“She laughs when there’s anything to laugh at,” said Kellock drily.

“The art is to find something to laugh at in everything,” explained Philander Knox. “And married people ought to practice that for their own salvation more than any.”

“How is it you ain’t married?” asked Robert Life. He was a man of few words and his wife worked in the glazing house with Medora.

“For the very good reason that my wife’s dead,” replied Mr. Knox. She’s left me for a better place and better company—a very excellent wife according to her lights, and I missed her.”

“I dare say you’ll find another here,” suggested a man who had come along a minute before. It was Henry Barefoot, Alice’s brother, the boilerman—an old sailor, who had drifted into the Mill when his service days were done.
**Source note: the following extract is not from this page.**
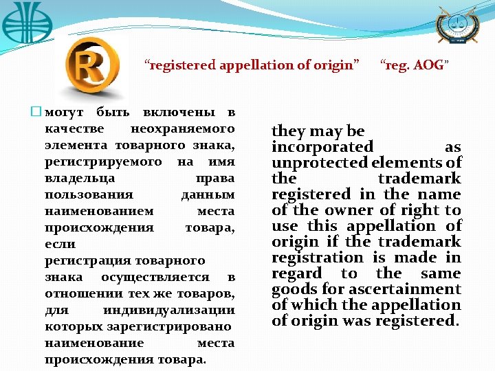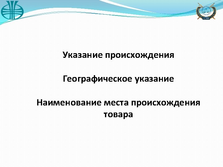 �Geographical Indication �Appellation of origin of good � an indication identifying goods � a designation which constitutes or contains the name of the country, that originate in the certain region, population center, area or territory, region or area any other geographical indication as well as any indication derivative of such name and became famous as a result of using it in relation to the good which special characteristics, quality, reputation or other characteristics are connected with its geographical origin including the specific environmental conditions and (or) human factor

“If I do, Henry, it won’t be your sister, so don’t throw out no hopes,” answered Knox.

Henry laughed.

“No man ever offered for her and no man ever will,” he declared. “Her pride is to do man’s work and she never will do woman’s—not if all the men in Devon went on their knees to her.”

“I’ve known others the same,” declared Philander. “They’re neuter bees, to say it kindly, and they hum so terrible sorrowful over their toil that the male give ’em a wide berth. Duty’s their watchword; and they do it in a way to make us common people hate the word.”

“That’s Alice. You know the sort seemingly,” said Henry.